When the matter was called for hearing, the ld. counsel for the assessee submitted at the outset that the addition made by the Assessing Officer amounting to Rs.1,35,68,500/- on account of unexplained cash deposits in the bank account during demonetization period is wholly unjustified in the light of the direct and circumstantial evidences placed before the Assessing Officer.
Aggrieved, the assessee preferred appeal before the CIT(A). The CIT(A) however passed an ex-parte order without discussing the merits of the case solely for the reason that the assessee has failed to file responses to notices issued on three occasions as stipulated in the first appellate order.
To rebut the observations of the CIT(A), the ld. counsel adverted our attention to the adjournment letters filed against each notices so issued. It was contended that CIT(A) has omitted to take note of the request for adjournment and it is not a case of no reply per se as alleged by the CIT(A). The ld. counsel thus pleaded violation of principles of natural justice and urged for remitting the matter back for logical conclusion in the matter after considering the reply of the assessee on merits.

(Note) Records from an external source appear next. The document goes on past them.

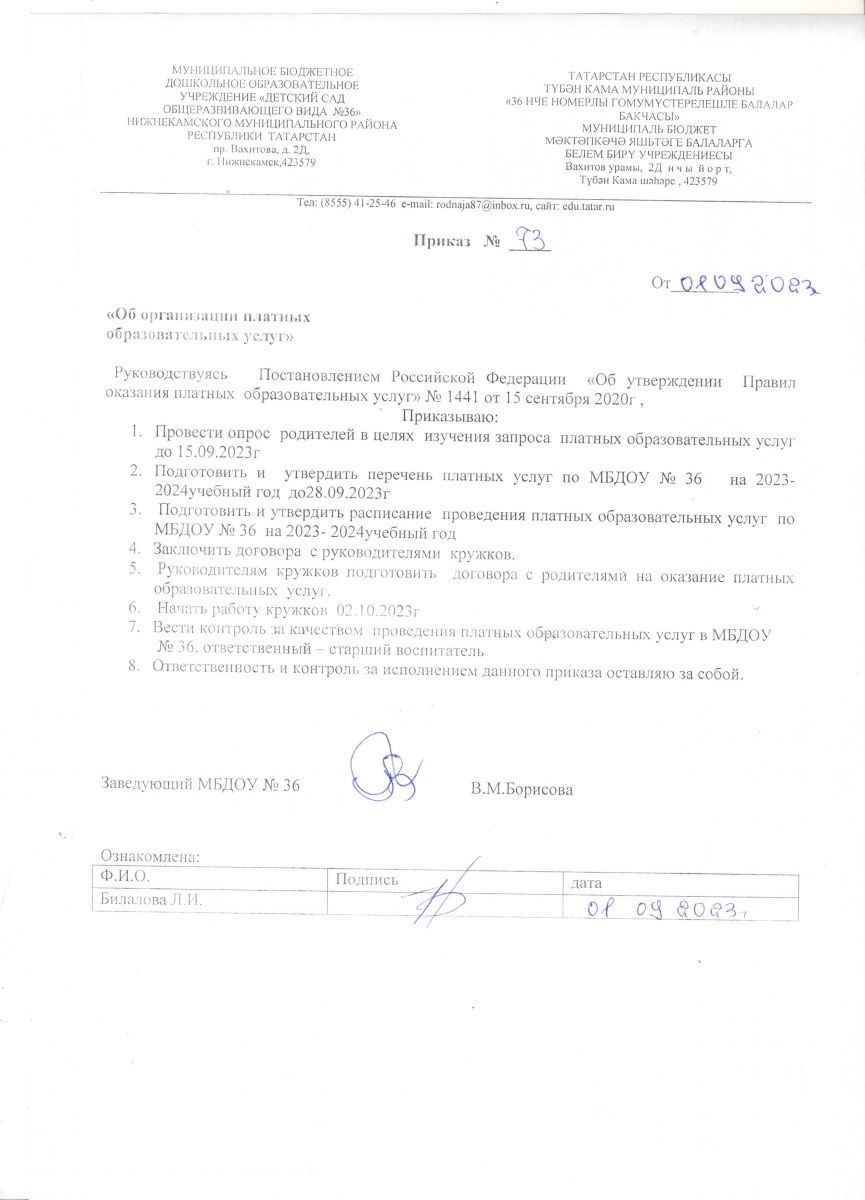 Приказ о проведении платных образовательных услуг на 2023-2024 учебный год
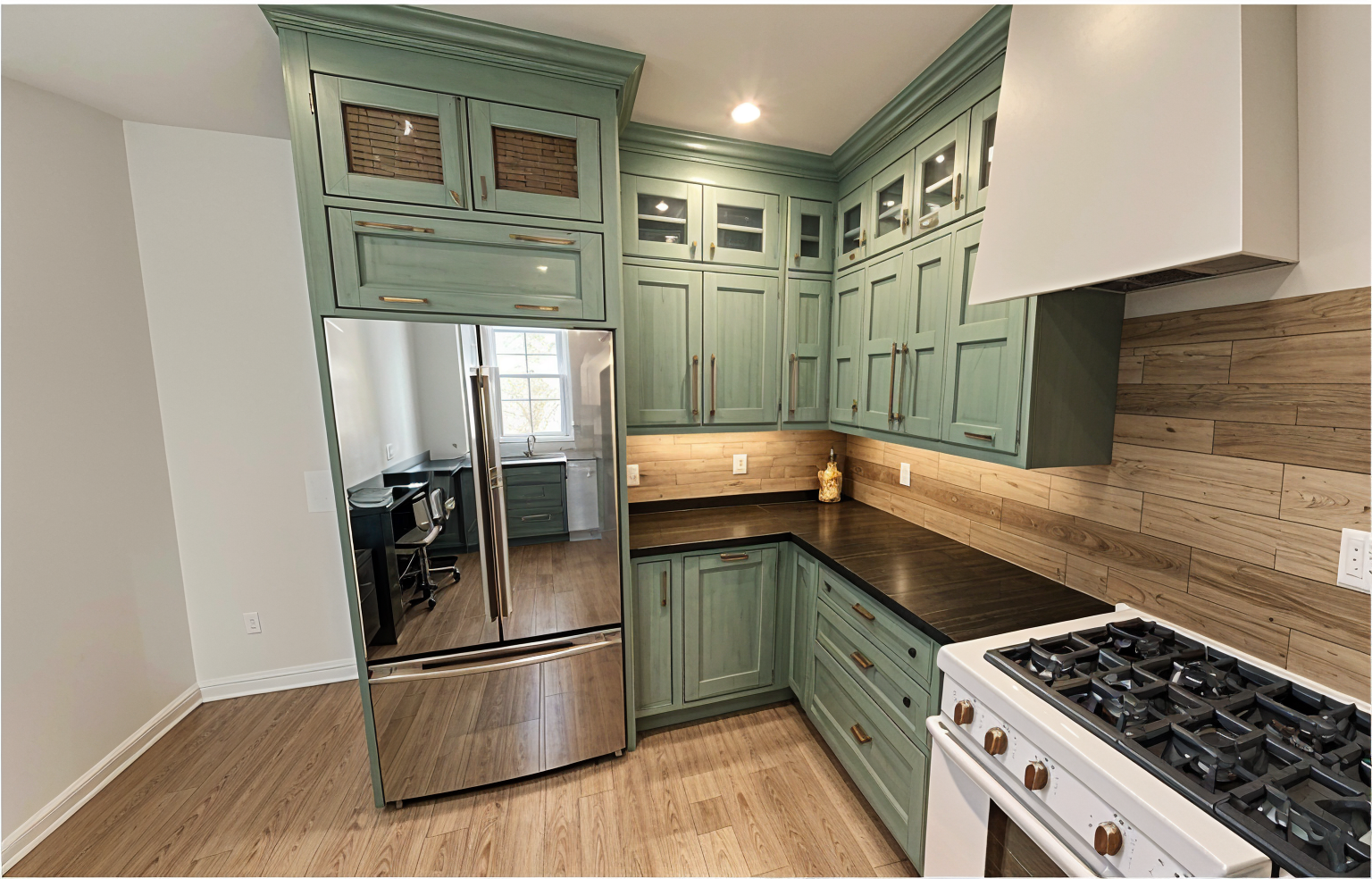 do not change the cabinets in any way preserve the exact cabinet colors materials finishes dimensions door and drawer styles hardware spacing alignment and all geometry exactly as shown do not alter the countertop shape backsplash appliances flooring lighting fixtures or wall structure only remove the construction materials clutter and mess from the scene clean the room and make it look finished and staged add a few simple tasteful home accessories appropriate for the style of the space but do not add or remove any furniture windows or architectural elements maintain the original lighting direction and realism enhance clarity and polish the photo while keeping the cabinetry and room design completely unchanged do not alter the lighting to keep the cabinet colors as they are in the image add new flooring stage the countertops for a kitchen do not change anything about the cabinets add a subzero stainless fridge in the opening on the right
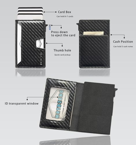 • (Wallet Capacity) The MRTDZENG slim and compact men's wallet can hold up to 6 cards in the aluminum compartment. The external PU cover can hold 1 card, and the internal ID window on the front of the PU cover holds 1 card, for a total of 8 cards. The back of the wallet has a dedicated cash slot that can hold 5 bills

In the light of the submissions made on behalf of the assessee and on perusal of the case records, we find justification in the plea advanced on behalf of the assessee. It is noticed that the CIT(A) has issued notices for hearing on three occasions and the assessee has duly replied on all occasions and sought adjournment. To our mind, the CIT(A) acted hurriedly without giving proper opportunity. There can be a variety of reasons for non compliance in such a short period. Having regard to the fact that assessee has duly attended before the Assessing Officer, it cannot be ordinarily presumed that assessee has willfully disobeyed the notice of hearing to its own detriment. Coupled with these, the CIT(A) has ought to be adjudicated the appeal on merits after examining the material on record. Hence, guided by the principles of objectivity, fairness and justice, we consider it just and proper to remit the matter back to the file of the CIT(A) for fresh adjudication in accordance with law after giving proper opportunity to the assessee.
In the result, the appeal of the assessee is allowed for statistical purposes.
Order pronounced in the open Court on 14/09/2023.